Clay, the self-obsessed pretty-boy of Less Than Zero, is now a self-obsessed middle-aged screenwriter recently returned to Hollywood to cast his latest film. He’s almost immediately drawn back into the sordid world of his old friends and lovers, meets a superficially gorgeous young actress who is clearly using him as much as he’s using her.
But some of his acquaintances are involved in something big and ugly and dangerous, and when Clay begins getting threatening text messages and spotting a mysterious black vehicle parked in front of his building, he begins a downward spiral of violence and paranoia. Old friends wind up dead. New friends begin acting shiftily. And Clay begins to realize that his own life could be forfeit in a game where there are no rules.
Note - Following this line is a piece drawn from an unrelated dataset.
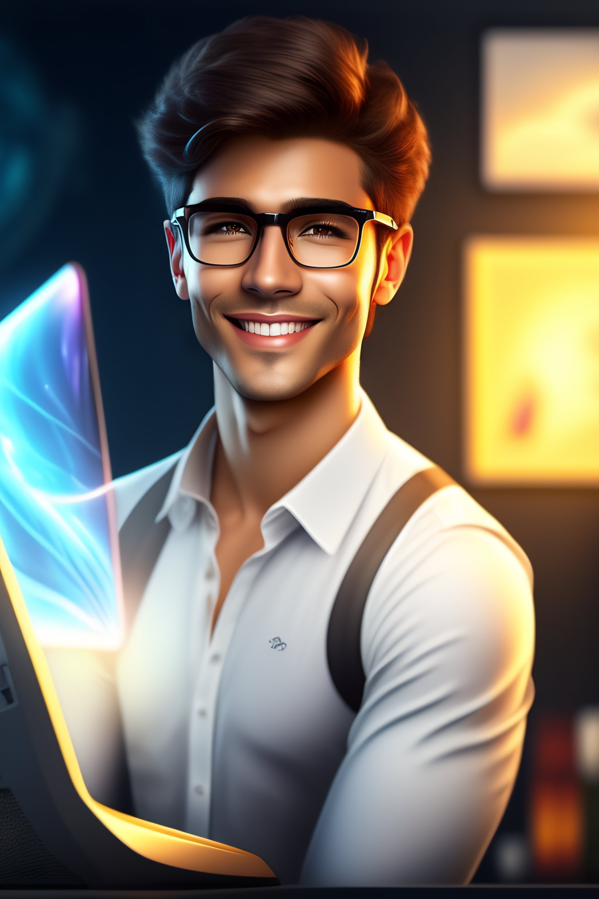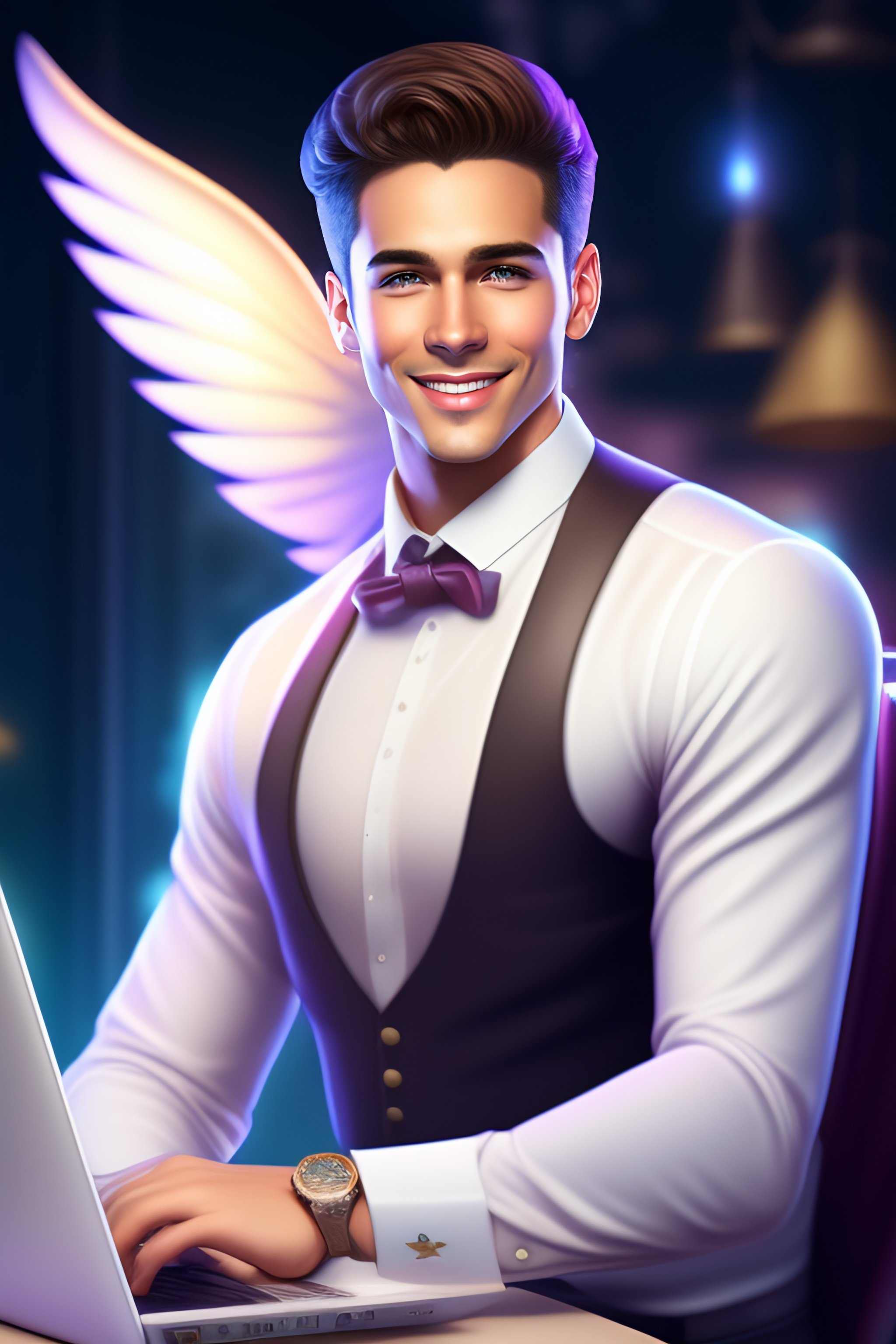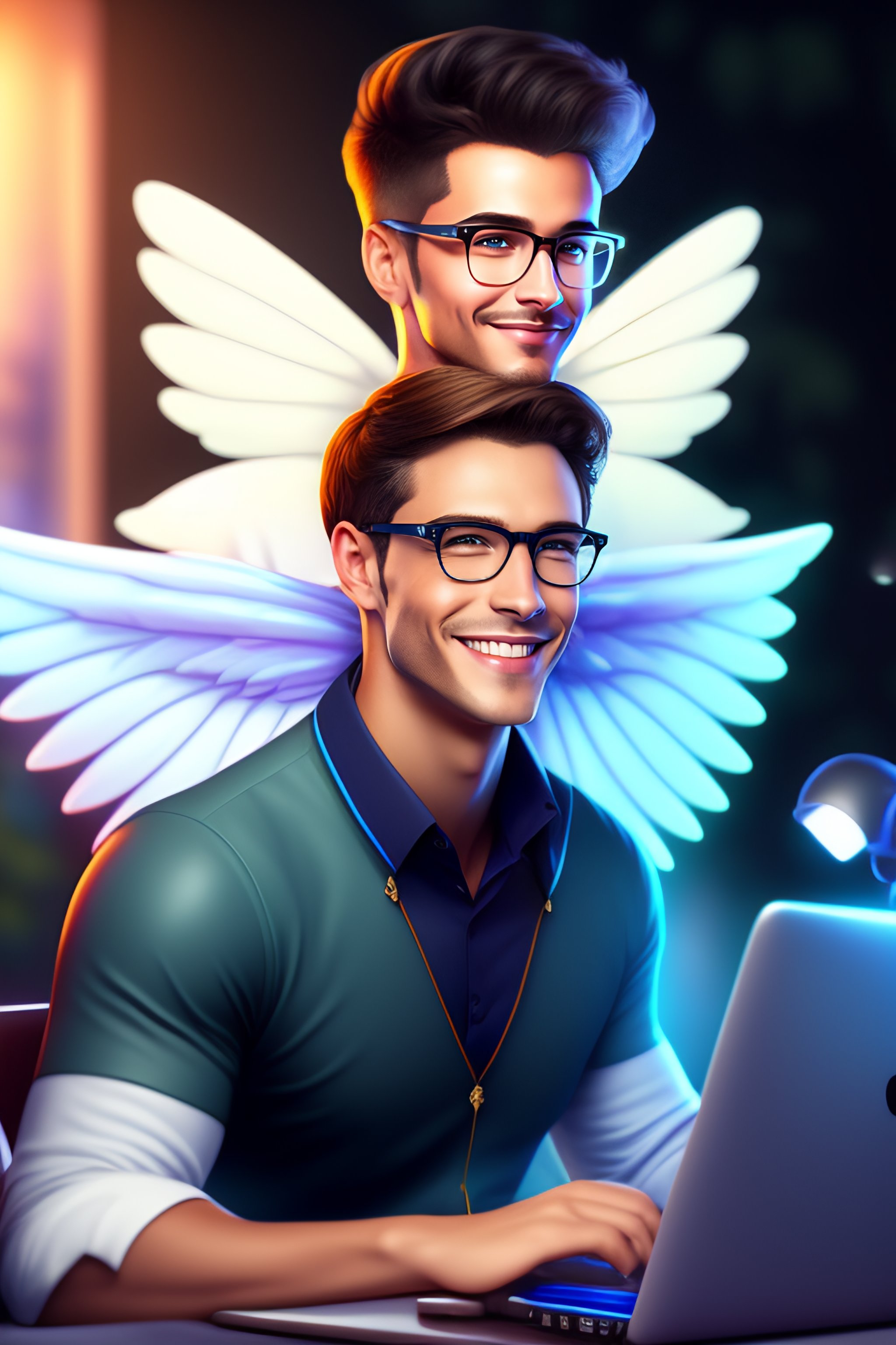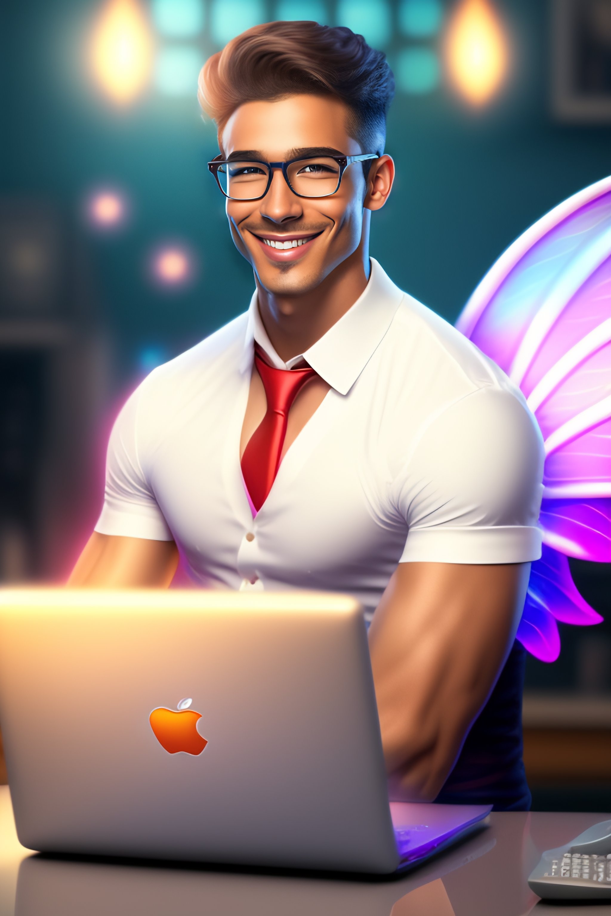 A white skin, smiling, epic professional digital art of a male nerd fairy with wings in a casual fit that looks a bit nerdy working on his computer, looks like a disney cartoon, best on art station.

If that synopsis sounds vague, well… it is. The plot of Imperial Bedrooms doesn’t hinge on concrete events so much as gradual stumbles downward into… what? There are no real answers in this book, just as the questions themselves are only half-formed. The real story is Clay’s ever-increasing paranoia and unreliability as a narrator, back dropped against a strange and uncertain version of L.A. and populated by a cast of characters that slink through his life like sinister shadows. The lines between what’s real and imagined become increasingly thin-- hinted at in even the first chapter, when Clay tells us about the movie Less Than Zero, based only loosely on the “real events”.
Imperial Bedrooms is an uneasy book, and Ellis is his usual fearless self. Recommended.